Information supplied ▸
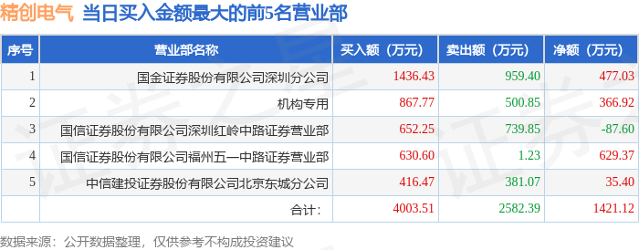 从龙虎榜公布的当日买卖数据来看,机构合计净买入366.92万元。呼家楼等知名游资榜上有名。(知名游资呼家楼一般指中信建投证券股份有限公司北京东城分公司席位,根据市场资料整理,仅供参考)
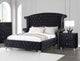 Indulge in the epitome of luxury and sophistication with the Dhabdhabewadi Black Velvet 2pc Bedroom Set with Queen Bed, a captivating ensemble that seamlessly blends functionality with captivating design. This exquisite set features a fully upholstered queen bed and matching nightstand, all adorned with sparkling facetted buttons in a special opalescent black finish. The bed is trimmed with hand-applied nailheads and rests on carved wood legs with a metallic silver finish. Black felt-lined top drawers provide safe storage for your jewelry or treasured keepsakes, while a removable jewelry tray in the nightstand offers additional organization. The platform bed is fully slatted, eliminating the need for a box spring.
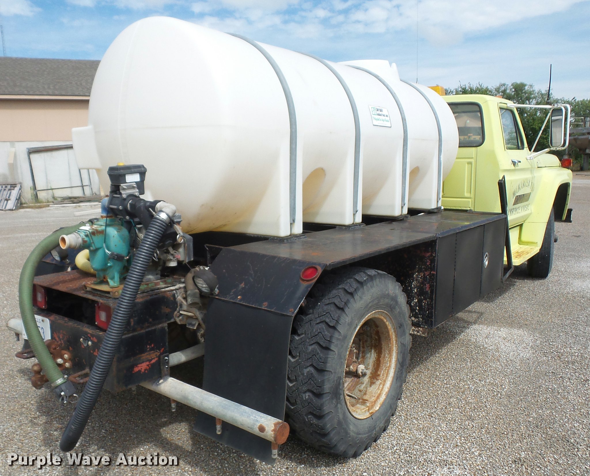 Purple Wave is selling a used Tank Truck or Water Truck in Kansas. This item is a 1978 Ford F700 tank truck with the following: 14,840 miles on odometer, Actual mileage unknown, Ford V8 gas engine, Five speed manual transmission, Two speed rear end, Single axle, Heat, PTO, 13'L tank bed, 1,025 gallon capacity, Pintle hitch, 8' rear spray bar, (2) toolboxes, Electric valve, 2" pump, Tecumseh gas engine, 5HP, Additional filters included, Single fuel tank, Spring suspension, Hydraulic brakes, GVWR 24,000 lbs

Work instructions ▸
The result is an exact copy of the lines from the one holding "Indulge in the" through the final line of the data above, both ends included, minus the pictures.

Answer space ▸
 Indulge in the epitome of luxury and sophistication with the Dhabdhabewadi Black Velvet 2pc Bedroom Set with Queen Bed, a captivating ensemble that seamlessly blends functionality with captivating design. This exquisite set features a fully upholstered queen bed and matching nightstand, all adorned with sparkling facetted buttons in a special opalescent black finish. The bed is trimmed with hand-applied nailheads and rests on carved wood legs with a metallic silver finish. Black felt-lined top drawers provide safe storage for your jewelry or treasured keepsakes, while a removable jewelry tray in the nightstand offers additional organization. The platform bed is fully slatted, eliminating the need for a box spring.
 Purple Wave is selling a used Tank Truck or Water Truck in Kansas. This item is a 1978 Ford F700 tank truck with the following: 14,840 miles on odometer, Actual mileage unknown, Ford V8 gas engine, Five speed manual transmission, Two speed rear end, Single axle, Heat, PTO, 13'L tank bed, 1,025 gallon capacity, Pintle hitch, 8' rear spray bar, (2) toolboxes, Electric valve, 2" pump, Tecumseh gas engine, 5HP, Additional filters included, Single fuel tank, Spring suspension, Hydraulic brakes, GVWR 24,000 lbs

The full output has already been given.